--- START ---

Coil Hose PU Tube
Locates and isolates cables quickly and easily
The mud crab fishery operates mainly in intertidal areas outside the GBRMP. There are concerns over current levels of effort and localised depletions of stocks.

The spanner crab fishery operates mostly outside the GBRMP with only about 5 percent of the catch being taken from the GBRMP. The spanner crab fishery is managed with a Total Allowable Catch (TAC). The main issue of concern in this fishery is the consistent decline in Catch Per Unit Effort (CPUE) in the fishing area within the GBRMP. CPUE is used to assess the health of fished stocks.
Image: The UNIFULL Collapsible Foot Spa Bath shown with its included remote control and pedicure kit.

--- END ---
--- START ---

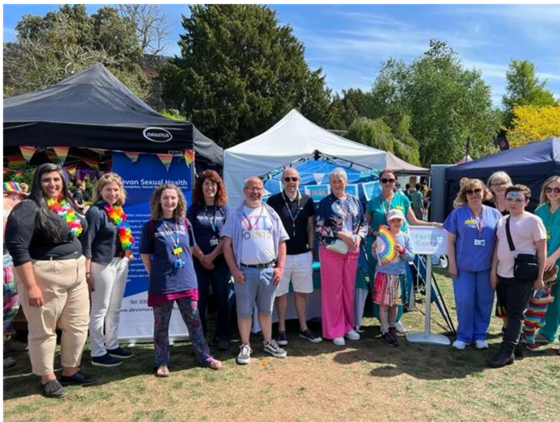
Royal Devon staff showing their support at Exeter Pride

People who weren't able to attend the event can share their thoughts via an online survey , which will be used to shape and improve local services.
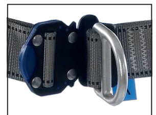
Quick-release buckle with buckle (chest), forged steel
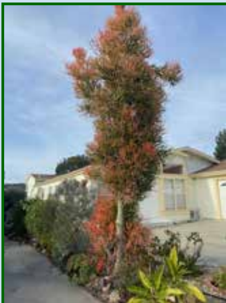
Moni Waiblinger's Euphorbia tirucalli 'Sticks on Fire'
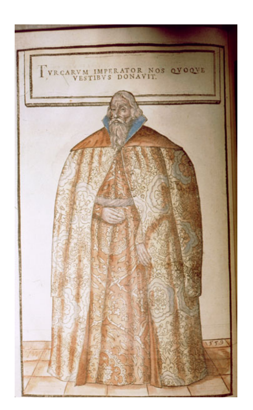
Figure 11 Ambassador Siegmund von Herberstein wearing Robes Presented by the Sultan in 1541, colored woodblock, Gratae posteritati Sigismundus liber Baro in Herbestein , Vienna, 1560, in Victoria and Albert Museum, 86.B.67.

--- END ---
--- START ---

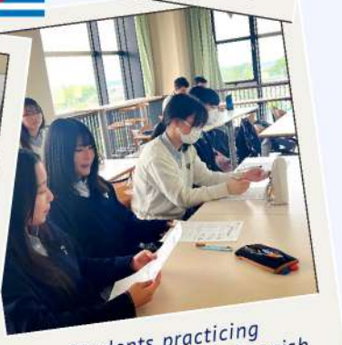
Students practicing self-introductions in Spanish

--- END ---

→ **What you are asked to do**: Reproduce word for word the material above, starting with the line that has "Coil Hose PU Tube" and stopping after the line that has "Image: The UNIFULL".

→ **The completed task**:
Coil Hose PU Tube
Locates and isolates cables quickly and easily
The mud crab fishery operates mainly in intertidal areas outside the GBRMP. There are concerns over current levels of effort and localised depletions of stocks.

The spanner crab fishery operates mostly outside the GBRMP with only about 5 percent of the catch being taken from the GBRMP. The spanner crab fishery is managed with a Total Allowable Catch (TAC). The main issue of concern in this fishery is the consistent decline in Catch Per Unit Effort (CPUE) in the fishing area within the GBRMP. CPUE is used to assess the health of fished stocks.
Image: The UNIFULL Collapsible Foot Spa Bath shown with its included remote control and pedicure kit.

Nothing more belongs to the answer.